- Differential diagnosis: Postpartum depression, Breastfeeding aversion response (BAR)

= Dysphoric milk ejection reflex =

Dysphoric milk ejection reflex (D-MER) is a condition in which people who breastfeed develop negative emotions that begin just before the milk ejection reflex and last less than a few minutes. It is different from postpartum depression, breastfeeding aversion response (BAR), or a dislike of breastfeeding. It has been described anecdotally many times, yet one of the earliest case studies on the condition was only published in 2011, and not much research was done prior to that. Even in 2021 when the first review of published literature was done the authors noted that health care providers were still "barely [able to] recognize D-MER."

The feelings described may also occur in women who are not currently, or never have been, breastfeeding. A recent groundbreaking study in 2023 found the prevalence of D-MER in Australian breastfeeding women was 6% or around 1 in 15 women In these cases, stimulation of the nipples produces a similar, dysphoric feeling as described by women with a condition identified as D-MER. A link between local dopamine blockage and the precise location of AMPA-glutamate blockage in the nucleus accumbens, and the subsequent experience of stimuli as negative or positive has been researched but not confirmed as the cause of D-MER and related conditions.

== Signs and symptoms ==
The lactating woman develops a brief period of dysphoria that begins just prior to the milk ejection reflex and continues for not more than several minutes. It may recur with every milk release, any single release, or only with the initial milk release at each feeding. D-MER always presents as an emotional reaction but may also produce a hollow or churning feeling in the pit of the stomach, nausea, restlessness, and/or general unease. When experiencing D-MER, mothers may report any of a spectrum of different unpleasant emotions, ranging from depression to anxiety to anger. Each of these emotions can be felt at a different level of intensity.

== Diagnosis ==
- D-MER does not appear to be a psychological response to breastfeeding. It is possible for women to have psychological responses to breastfeeding, but D-MER gives evidence of being a physiological reflex.
- D-MER is not postpartum depression or a postpartum mood disorder. A woman can have D-MER and PPD, but they are separate conditions and the common treatments for PPD do not treat D-MER. The majority of women with D-MER report no other mood disorders.
- D-MER is not the "breastfeeding aversion response (BAR)" that can happen to some when continuing to nurse while pregnant. Breastfeeding aversion response occurs upon nipple contact when nursing whereas D-MER is triggered by the let-down reflex, even if it is several minutes after latching.

== Management ==
There is no product that is medically approved to treat D-MER. It has been hypothesized that efforts to raise dopamine may help, and anecdotal evidence encourages a healthy diet limiting caffeine intake and adding supplements.

=== Emotional support ===
Awareness, understanding, and education appear to be important. Many people with D-MER rate their D-MER much worse prior to learning what is causing their feelings. Once a mother understands that she is not alone in her condition and realizes it is a physiological condition she seems to be much less likely to wean prematurely.

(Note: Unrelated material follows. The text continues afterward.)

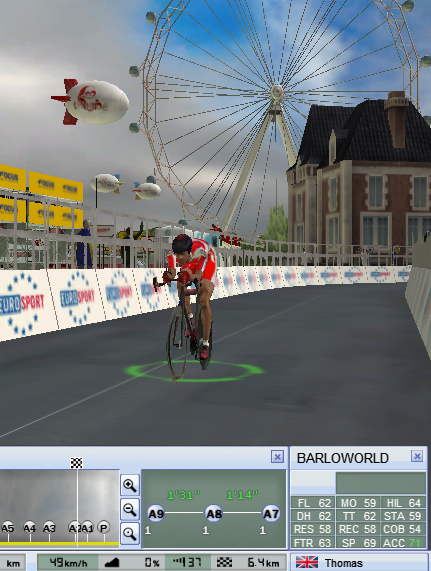 Geraint Thomas again rides past the London Eye. The graphics are not as impressive as the PPDB version though.
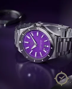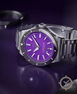 A Dive watch with a bold 42mm presence on the wrist, crafted from stainless steel featuring a purple dial with a unique textured / slightly marbled finish finish.

The most effective treatments for D-MER to date have been awareness, understanding, and education. Many mothers struggling with D-MER attribute a much higher level of intensity to their symptoms before learning what is causing them. When mothers understand that they are not alone in this condition and realize that it is a physiological reaction, they seem much less inclined to wean their child prematurely.

== History ==
The first documented reference to a hormonally based negative emotional reaction while breastfeeding was found online in a forum in June 2004. Prior to the launch of D-MER.org the phenomenon was unknown, unnamed, misunderstood and rarely mentioned or talked about. The term dysphoric milk ejection reflex (D-MER) came from Alia Macrina Heise who described it in 2007. It was chosen due to the emotional reaction (dysphoria) to milk let-down (milk ejection reflex). The "milk ejection reflex" is abbreviated among lactation professionals and referred to as the M-E-R. In 2008 a team of lactation consultants, headed up by Diane Wiessinger, worked together and consulted with other medical professionals to do a preliminary investigation to better understand D-MER. Case reports and case series have been published on the topic. A 2019 study reported a prevalence rate of 9.1%. An October 2021 review of literature published to that date reported:
Due to poor public awareness of D-MER and the scarcity of evidence-based literature, many mothers may mistake D-MER for postpartum depression, especially given its atypical symptomatic manifestations. Additionally, lactation practitioners and health care providers may have limited recognition of D-MER. Another challenge in managing D-MER is that mental health professionals may lack knowledge about lactation or training in lactation management. This makes it necessary to educate mothers because educated mothers are usually better at handling postpartum situations if they are prepared in advance.